Artigo Acesso aberto Produção Nacional Revisado por pares

Volumetric capnography for the evaluation of chronic airways diseases

2014; Dove Medical Press; Linguagem: Inglês

10.2147/copd.s62886

ISSN

1178-2005

Autores

Marcos Mello Moreira, Liliani de Fátima Veronez, Mônica Corso Pereira, Sílvia Silva, Eduardo Mello De Capitani, Ilma Aparecida Paschoal, Luisa Barcaui,

Tópico(s)

Asthma and respiratory diseases

Resumo

Background: Obstructive lung diseases of different etiologies present with progressive peripheral airway involvement. The peripheral airways, known as the silent lung zone, are not adequately evaluated with conventional function tests. The principle of gas washout has been used to detect pulmonary ventilation inhomogeneity and to estimate the location of the underlying disease process. Volumetric capnography (VC) analyzes the pattern of CO 2 elimination as a function of expired volume.
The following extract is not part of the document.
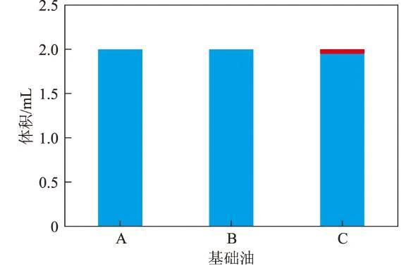 由圖1可以看出:未加復合劑時不同基礎油的分水效果不同,基礎油A和基礎油B的分水效果較好,水在離心作用下全部分出;基礎油C的極性物質含量高,親水性強,分水能力差,因此出現(xiàn)了乳化層。

Objective: To measure normalized phase 3 slopes with VC in patients with non-cystic fibrosis bronchiectasis (NCB) and in bronchitic patients with chronic obstructive pulmonary disease (COPD) in order to compare the slopes obtained for the groups. Methods: NCB and severe COPD were enrolled sequentially from an outpatient clinic (Hospital of the State University of Campinas). A control group was established for the NCB group, paired by sex and age. All subjects performed spirometry, VC, and the 6-Minute Walk Test (6MWT). Two comparisons were made: NCB group versus its control group, and NCB group versus COPD group. The project was approved by the ethical committee of the institution. Statistical tests used were Wilcoxon or Student's t -test; P <0.05 was considered to be a statistically significant difference. Results: Concerning the NCB group (N=20) versus the control group (N=20), significant differences were found in body mass index and in several functional variables (spirometric, VC, 6MWT) with worse results observed in the NCB group. In the comparison between the COPD group (N=20) versus the NCB group, although patients with COPD had worse spirometric and 6MWT values, the capnographic variables mean phase 2 slope (Slp2), mean phase 3 slope normalized by the mean expiratory volume, or mean phase 3 slope normalized by the end-tidal CO 2 concentration were similar. Conclusion: These findings may indicate that the gas elimination curves are not sensitive enough to monitor the severity of structural abnormalities. The role of normalized phase 3 slope may be worth exploring as a more sensitive index of small airway disease, even though it may not be equally sensitive in discriminating the severity of the alterations. Keywords: volumetric capnography, spirometry, bronchiectasis, 6MWT, bronchitis

Referência(s)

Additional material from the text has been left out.